Anyway, I basically just had a panic attack, not sure why.
I guess, when you think it means something, but it doesn't really. It sucks.
Now I'm probably going to cry. I don't know whats wrong with me - right now
and just in general, why people don't ever seem to want to be with me in that way? Ugh.
malibu.
In the Cannibal Glow
malibu.
Age: 30
Gender: -
Posts: 54114
July 26th, 2014 at 06:07am
I don't even care (well, I do).
I feel like I have more to say; that I haven't said enough to him
and that maybe it would change his mind - it probably wouldn't.
That's why it's frustrating.
malibu.
In the Cannibal Glow
malibu.
Age: 30
Gender: -
Posts: 54114
July 26th, 2014 at 06:24am
It could be anything, I wish I could un see it and my brain would shut the fuck up.

And if she's best friends with his ex, then no way.
And if it was happening, I wouldn't want someone who would do that... ugh.
Richey Edwards.
Demolition Lover
Richey Edwards.
Age: 31
Gender: Female
Posts: 16507
July 26th, 2014 at 09:05am
This is honestly annoying. You make 40 hours a week. Only you and the boss make that many. The rest of us make maybe half of that. And that's if I''m not sent home early because we aren't busy. You hate your job, and you're very vocal about it. I don't see how you're still there. If we did that, we'd be gone. You hate A so much, nothing he does is right in your eyes. I admit, he may not know how to do much, and it probably does get a bit annoying at times, but this is his first job. He has no clue. I'm sure there at least one thing the poor guy can do. Give him at least a little bit of credit, or you'll end up losing him. He's gonna have enough and quit, and then you'll complain that there's nobody to do his shit in the evening. I have another job too, I can't come in and do his shit. I would, because the hours are killing me, but my other job is there too.

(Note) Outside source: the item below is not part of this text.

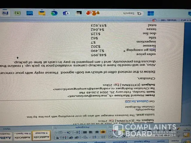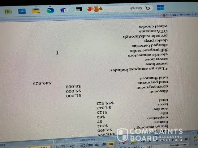 I purchased a travel trailer on 2/29 for $50,000. I was promised a weight distribution hitch and the installation of an electronic brake module as part of “Let’s Go camping” package that I paid $2500. I Did not receive hitch nor the brake module. I Did not get walkthrough. The GM at the Mesquite Texas location, gave me a folder of papers at the time of sale, but failed to give me copies of the signed sales documents. After I realized the bill of sale was not in the packet, I called and asked him to email them to me. He said he would but did not. I emailed and called him several times asked him to send them to me but he refused.
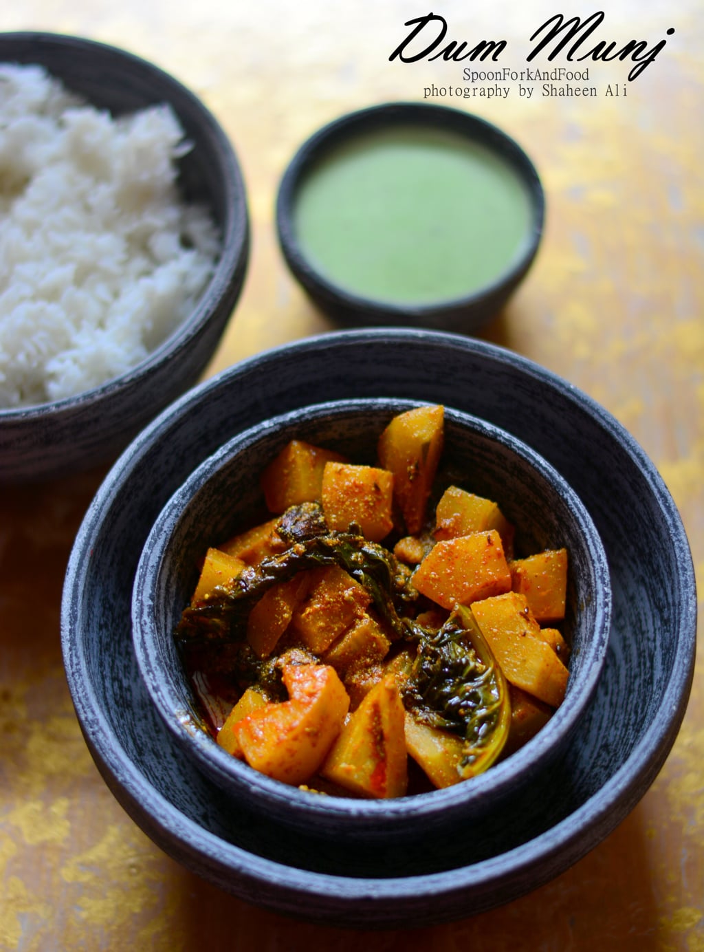 Dum Munj Or Dum Monji is a spicy flavorful veg curry that comes from Kashmiri Cuisine. Munj here means Knol Khol also commonly known as Ganth Gobhi or Kadam is cur into cubes and cooked with it’s greens along with some yogurt. The recipe though is quick but requires skillful hands to play with Kashmiri spices which particularly are fennel powder, asafoetida, sonth or ginger powder etc. Kashmiri food is rich in texture and aroma as there is a wide usage of Mustard oil which itself provides a beautful aroma and kashmiri red chili powder also known as deghi mirch gives a rich color. Dum Munj is typically eaten with boiled rice.

I hate it, with a passion, I'd rather be at the BBQ place. But, for some reason, I'm kind of rooted in there for now. I don't like most of the people, and the job is absolute bullshit, and the hours/money kind of suck, but I'm stuck there. So, find a job in your field, stop whining, and move the fuck on.
Frnk iero.
Awake and Unafraid
Frnk iero.
Age: 30
Gender: Female
Posts: 11747
July 26th, 2014 at 02:50pm
im really starting to loose steam on my book.
i just wish i still felt the same way about it as i did two months ago.
i dont want to fail again, at writing, so im forcing myself to keep it up.
But jesus its difficult.
sad savior;
Wild Eyed Joker
sad savior;
Age: 28
Gender: Female
Posts: 86309
July 28th, 2014 at 02:43am
i miss the mountains so much. it's all i can think about. all those mountains were the most beautiful thing i've ever seen and for some reason i feel so spiritually connected to them. 3 months ago i had never even seen one before, and now my mind keeps drifting back to them. i'd give anything to be back there, i'd give anything to hike up that mountain again and just stay there. i want it so badly.